Background:
We aimed to compare trough infliximab levels and the development of antidrug antibody (ADA) for 1 year between Crohn’s disease (CD) and ulcerative colitis (UC) patients who were biologic-naive, and to evaluate their impact on clinical outcomes.
Methods:
This was a prospective, multicenter, observational study. Biologic-naive patients with moderate to severe CD or UC who started CT-P13, an infliximab biosimilar, therapy were enrolled. Trough drug and ADA levels were measured periodically for 1 year after CT-P13 initiation.
Results:
A total of 267 patients who received CT-P13 treatment were included (CD 168, UC 99). The rates of clinical remission (72% vs. 32.3%, P<0.001) at week 54 were significantly higher in CD than in UC. The median trough drug level (μg/mL) was significantly higher in CD than in UC up to week 14 (week 2, 18.7 vs. 14.7, P<0.001; week 6, 12.5 vs. 8.6, P<0.001; week 14, 3.4 vs. 2.5, P=0.001).
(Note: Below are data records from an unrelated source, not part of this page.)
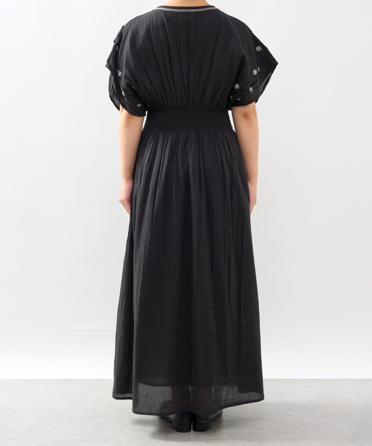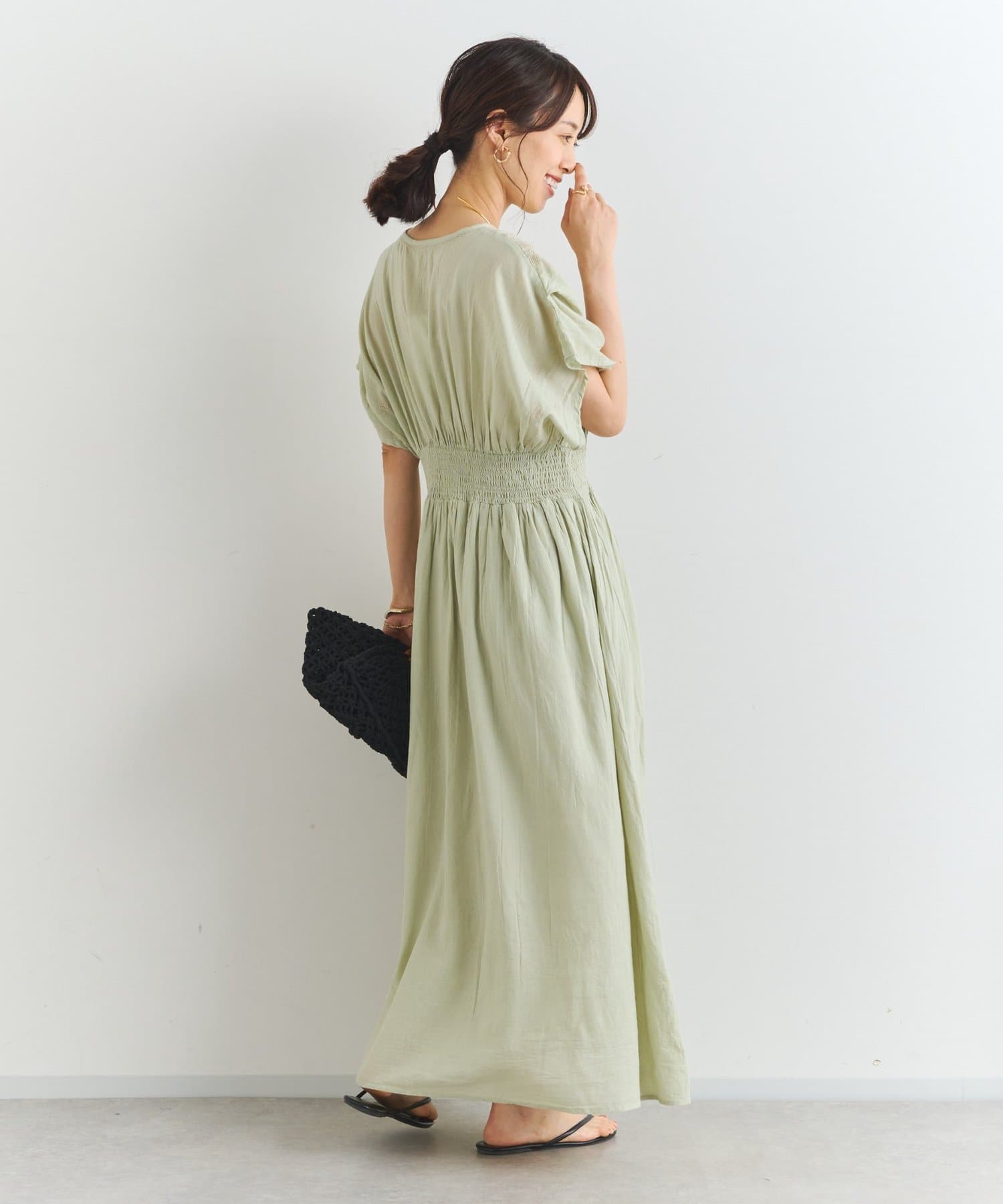 スカート部分も袖もふわりとフレアーに広がりのあるシルエットですのでボディーラインを程よくカバーします◎
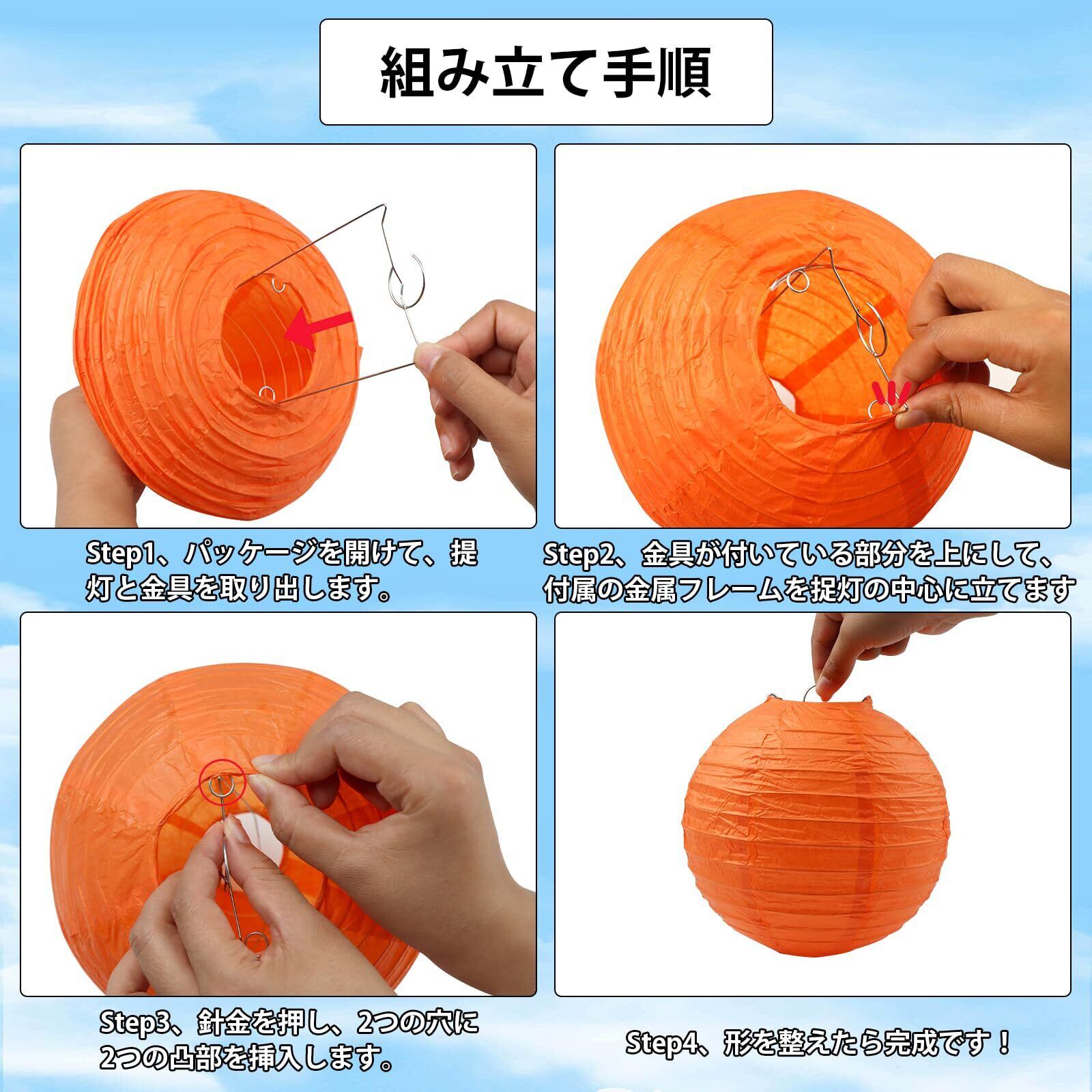 【組み立て方法】組み立て説明書があるので、取り付けは非常に簡単で、子供でも簡単に行えます。再利用可能なちょうちんは、使用しない時はコンパクトに収納でき。一枚ずつ個別梱包されているので、保管便利に、持ち運びも楽々です!
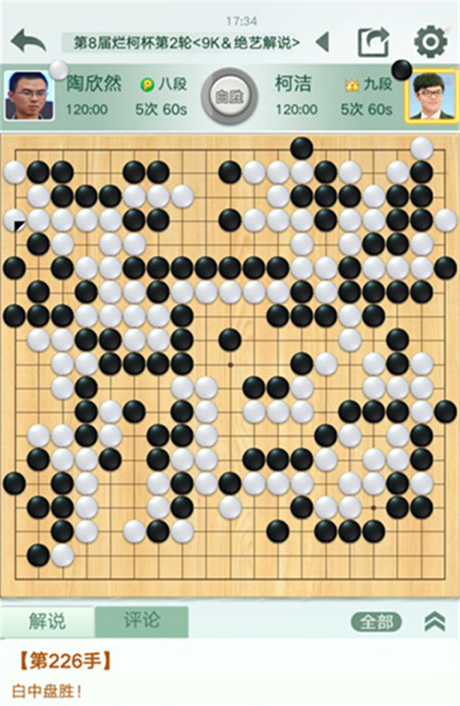 本局陶欣然執(zhí)白后行,以極具觀賞性的大模樣開局,將局面導(dǎo)向他擅長的進(jìn)攻節(jié)奏。在中腹的作戰(zhàn)中,白方判斷精準(zhǔn),棋感敏銳,保持了很高的AI吻合度,一直良好地把握著局面。行至后半盤,黑方柯潔開始了他擅長的逆風(fēng)攪局,多處挑起劫爭。好在陶欣然未出大錯(cuò),在混亂的局面下穩(wěn)住了局勢(shì),保持優(yōu)勢(shì)直至226手黑方投子認(rèn)負(fù)。

The median ADA level (AU/mL) was significantly lower in CD than in UC at week 2 (6.3 vs. 6.5, P=0.046), week 30 (7.9 vs. 11.8, P=0.007), and week 54 (9.3 vs. 12.3, P=0.032). Development of ADA at week 2 [adjusted odds ratio (aOR)=0.15, P=0.026], initial C-reactive protein level (aOR=0.87, P=0.032), and CD over UC (aOR=1.92, P<0.001) were independent predictors of clinical remission at week 54.
Conclusion:
Infliximab shows more favorable pharmacokinetics, including high drug trough and low ADA levels, in CD than in UC, which might result in better clinical outcomes for 1-year infliximab treatment in CD patients.